I had never faced death before.
I grabbed my swim suit and rushed to the pool and swam length after length until Janet threatened to jump in after me. I refused to accept the significance of the letter. Janet held me, wet and miserable as I sobbed and tried to tell her about the letter and Uri and Revivim.
At first I remained lost in bewildered sorrow, unable to speak to my troubled parents who heard the news from Janet. But she was unable to give them many details. They realized that I had many emotional conflicts since my return, which they hoped I would overcome as I resumed my ‘normal’ life. Now, they learnt about Uri and the Negev, and understood that I was trying to cope with the shock of Uri’s death. They approached me anxiously, with comforting words and careful questioning. Although I had written enthusiastically about the Negev and had poured out my impressions of the kibbutz in the many letters I sent, they hadn’t grasped the depth or sincerity of my real feelings. It really was impossible for them to visualize a place like Revivim, or what I wanted to convey. Yet they now knew that my pain and grief were genuine and my involvement with Uri had been far more than a girlish romantic crush.

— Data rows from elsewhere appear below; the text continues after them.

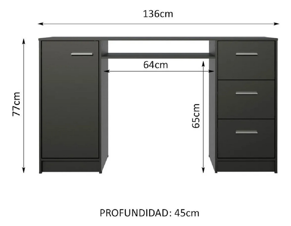 El escritorio Mesa Para PC Oficina – Muebles Web, modelo ALASKA, es la solución ideal para quienes buscan un espacio de trabajo moderno y funcional. Con unas dimensiones de 136 cm de ancho y 45 cm de profundidad, este escritorio se adapta perfectamente a cualquier ambiente, ya sea en casa o en la oficina. Su altura de 77 cm proporciona una ergonomía adecuada para largas jornadas laborales.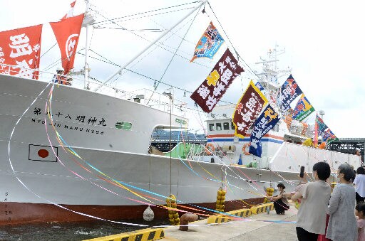 出漁式では、水産関係者でつくる境港カニ水揚げ日本一PR実行委員会の越河彰統会長(59)が「境港はカニの水揚げ日本一。コロナの影響は多大だが、一刻も早い収束と無事故、豊漁を祈る」とあいさつ。伊達憲太郎市長は「初夏のクロマグロに続きベニズワイガニの季節がやってきた。全国の 消費者に届けるため関係者が一丸となり頑張る」と話した。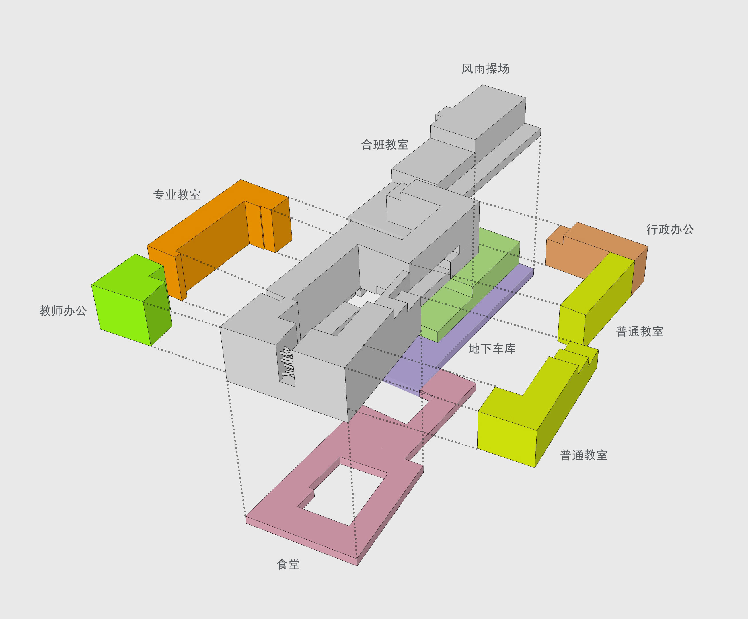 After that we solved the problems one by one, like the ventilation and lighting problem of the cafeteria, limit outdoor space, clash of the flow between students and teachers. When the problems were solved, the building become what it looked like, so it’s a reasonable outcome.

As the days passed I resolved to return to Palestine. I appeared to be engrossed in my studies or Habonim meetings, but all the while I was devising a way to go back.
In November 1947 the United Nations decided to partition the mandated territory of Palestine that tiny strip of land that was the Biblical Land of Israel, into a Jewish and an Arab State. However the Arabs rejected the plan. The British were pulling out and hostilities increased as war loomed over the 600,000 Jews. In May 1948 the State of Israel was declared and the armies of the surrounding countries swept down intending to wipe the fledgling state off the map.*
A quiet call for volunteers spread through the western world to help the war effort of the Jewish population. I decided to try as a practical nurse.
When I joined the South African volunteers, (MAHAL) once again my parents tried to stop me. But they realized that I had chosen a new life, or perhaps I had been chosen, as my father said. I knew I must honour Uri’s memory by returning to live in Israel. .
I keep Uri’s brooch with me always, but only after 50 years did I face going back to Revivim.